**Exercise aim:** Nothing but the lines below, from the first through the line containing "千切ったものを『ふぅ~』と吹いたりと素材ならではの遊びを楽しんでいました。", should be set down, each one exactly and without pictures.
= = = = = = =
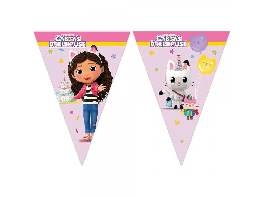 Varázsold ünnepivé a szülinapi dekorációt a Gabi babaháza party zászlófüzérrel! Ez a színes, kedves mintás zászlófüzér tökéletes választás, ha a kislányod vagy kis vendégei rajonganak a népszerű DreamWorks sorozatért. A füzéren Gabi és barátai köztük Pandy Paws, Kitty Fairy és sok más kedvenc figura köszön vissza, vidám lufikkal, szülinapi tortával és ajándékokkal kiegészítve. A háttér finom rózsaszín árnyalata remekül illeszkedik a többi Gabi babaháza dekorációhoz.
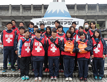 4月5日(日曜日)に静岡市で開催された「第31回日本平桜マラソン」で、健康プロデュース学部心身マネジメント学科の学生が所属するアスレティックトレーナーサークル(CATS)と、アスレティックトレーニング実践研究ゼミの学生21名が、参加ランナーに対してBLS隊として救護活動にあたりました。
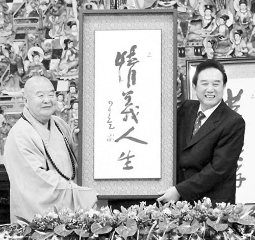 資料圖:星云向陳云林贈(zèng)送書(shū)法作品
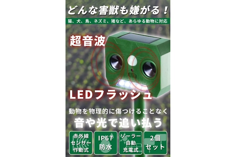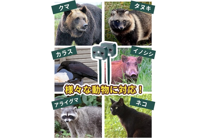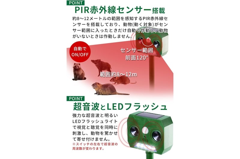 超音波とLEDフラッシュを組み合わせて、クマやイノシシ、タヌキ、キツネ、ネズミ、猫など、さまざまな動物の接近を感知すると自動で音と光を発して撃退します。
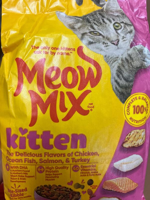 Introduce your kitten to taste that hits with Meow Mix Kitten Li'l Nibbles Kitten Food. This dry cat food recipe features the delicious flavors of chicken, ocean fish, salmon and turkey in bite-sized kibbles perfect for little mouths. It's also formulated with an optimal mix of protein, fat and carbohydrates to help sustain kitten energy, and all the essential nutrients to support healthy growth. That includes DHA, a nutrient found in mother cats' milk that helps support vision and brain development. Every bowl provides one hundred percent complete and balanced nutrition, with an irresistible taste kittens love. Once they try it, they're sure to understand why Meow Mix cat food is The Only One Cats Ask for by Name.
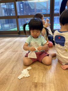 千切ったものを『ふぅ~』と吹いたりと素材ならではの遊びを楽しんでいました。
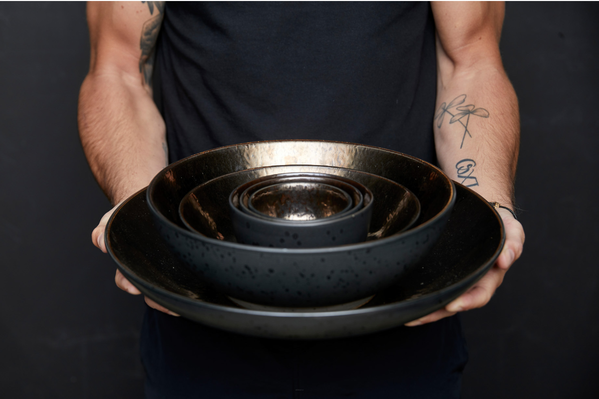 - tableware elements such as bowls, platters, plates and cups made of stoneware
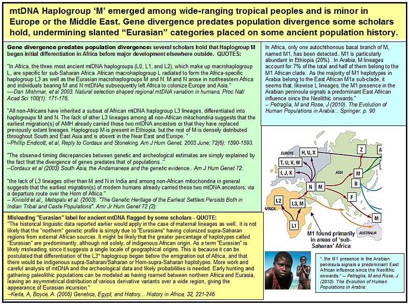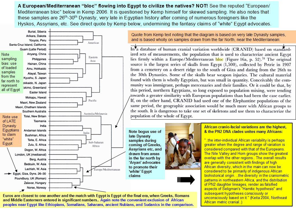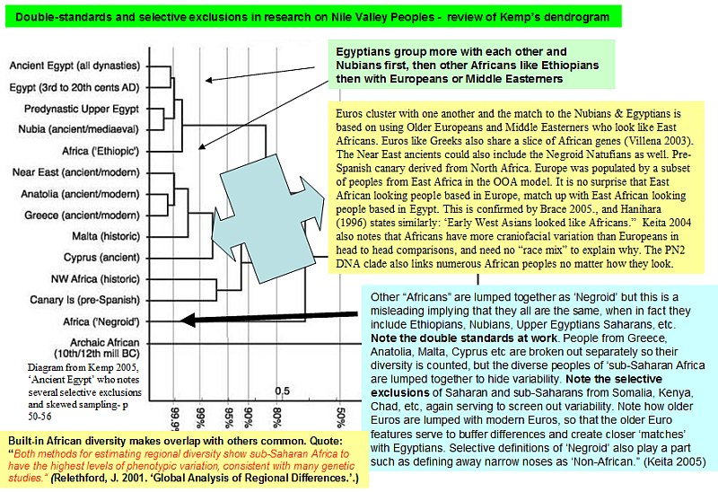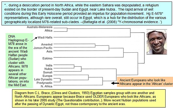 "..sample populations available from northern Egypt from before the 1st Dynasty (Merimda, Maadi and Wadi Digla) turn out to be significantly different from sample populations from early Palestine and Byblos, suggesting a lack of common ancestors over a long time. If there was a south-north cline variation along the Nile valley it did not, from this limited evidence, continue smoothly on into southern Palestine. The limb-length proportions of males from the Egyptian sites group them with Africans rather than with Europeans." (Barry Kemp, "Ancient Egypt Anatomy of a Civilisation. (2005) Routledge. p. 52-60) |
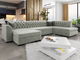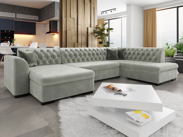 Velká rohová sedačka do obývacího pokoje Emrys spojuje klasiku s moderním stylem. Jednoduchý minimalistický tvar poutá pozornost díky stylovému prošívání, které se pojí s elegancí a luxusem. Možnost výběru z několika barev navíc umožňuje dodat nábytku individuální charakter. Jedinečný design však není všechno. Rohová sedačka do obývacího pokoje se vyznačuje i praktickými řešeními. Byl vytvořen ve tvaru písmene „U“, takže má velmi velkou plochu na spaní, která Vám umožní pohodlně si odpočinout a nabrat síly na další den. Rohová pohovka s funkcí spánku má velký kontejner na ložní prádlo – vejdou se do něj polštáře, přikrývky nebo jiné předměty, které nejsou na očích. Zadní část rohové sedačky je celopotažena látkou, takže ji můžete umístit kdekoli v obýváku. Toto řešení je ideální pro oddělení salonku od jídelního koutu. Rozkládací rohová sedačka je vyrobena z kvalitních komponentů, což zajišťuje mimořádnou odolnost a životnost na léta. Celek je doplněn o dekorační polštářky zapínané na zip. Látka Magic Velvet použitá pro čalounění rohové sedačky je vysoce odolná proti žmolkování a vyblednutí barev - rohová sedačka si zachová svůj dokonalý vzhled po dlouhou dobu. Tato látka je neuvěřitelně jemná a příjemná na dotek a díky vlastnostem sametu se efektivně leskne. Kombinace kvalitní látky a stylového prošívání vytvoří v interiéru něco jedinečného, z čehož jen těžko odtrhnete zrak.
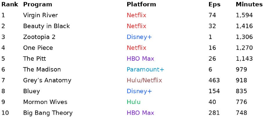 Netflix’s “Virgin River” was number one on Nielsen’s Streaming Top 10 for the week of March 16 with 1.59 billion minutes, rising from #3 in the week prior following the launch of its seventh season on March 12. With a full week of availability, the newest episodes continued to account for the bulk of the viewing (72%) with women 35+ remaining the series’ core audience (61% of watch time).
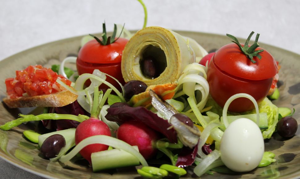 Pour l’auteur d’une recette parue dans la revue Pot-au-feu en 1903, c’est la tomate ou « pomme d’amour » chère aux Méridionaux qui tient le rôle principal dans la salade niçoise. Les œufs durs qui y figurent chez Jacques Médecin en 1972 dans sa Cuisine du comté de Nice semblent être une addition récente.
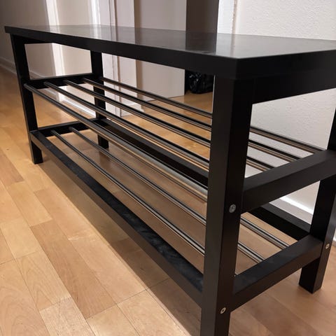 Hyväkuntoinen käytetty penkki / kenkähylly on kätevä kaluste eteiseen. Pehmustetulla istuimella on mukava pukea kengät ja sen alapuolella on säilytystilaa kauden käytetyimmille kengille.
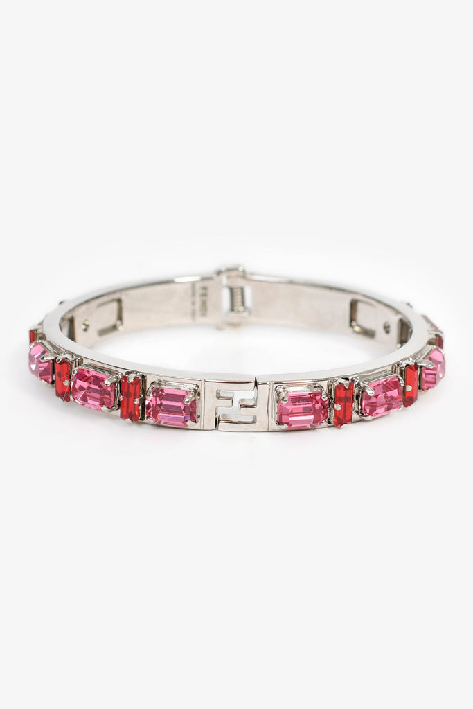 Fendi Silver Toned Red/Pink Crystal Bracelet
= = = = = = =
**Task response:**
 Varázsold ünnepivé a szülinapi dekorációt a Gabi babaháza party zászlófüzérrel! Ez a színes, kedves mintás zászlófüzér tökéletes választás, ha a kislányod vagy kis vendégei rajonganak a népszerű DreamWorks sorozatért. A füzéren Gabi és barátai köztük Pandy Paws, Kitty Fairy és sok más kedvenc figura köszön vissza, vidám lufikkal, szülinapi tortával és ajándékokkal kiegészítve. A háttér finom rózsaszín árnyalata remekül illeszkedik a többi Gabi babaháza dekorációhoz.
 4月5日(日曜日)に静岡市で開催された「第31回日本平桜マラソン」で、健康プロデュース学部心身マネジメント学科の学生が所属するアスレティックトレーナーサークル(CATS)と、アスレティックトレーニング実践研究ゼミの学生21名が、参加ランナーに対してBLS隊として救護活動にあたりました。
 資料圖:星云向陳云林贈(zèng)送書(shū)法作品
 超音波とLEDフラッシュを組み合わせて、クマやイノシシ、タヌキ、キツネ、ネズミ、猫など、さまざまな動物の接近を感知すると自動で音と光を発して撃退します。
 Introduce your kitten to taste that hits with Meow Mix Kitten Li'l Nibbles Kitten Food. This dry cat food recipe features the delicious flavors of chicken, ocean fish, salmon and turkey in bite-sized kibbles perfect for little mouths. It's also formulated with an optimal mix of protein, fat and carbohydrates to help sustain kitten energy, and all the essential nutrients to support healthy growth. That includes DHA, a nutrient found in mother cats' milk that helps support vision and brain development. Every bowl provides one hundred percent complete and balanced nutrition, with an irresistible taste kittens love. Once they try it, they're sure to understand why Meow Mix cat food is The Only One Cats Ask for by Name.
 千切ったものを『ふぅ~』と吹いたりと素材ならではの遊びを楽しんでいました。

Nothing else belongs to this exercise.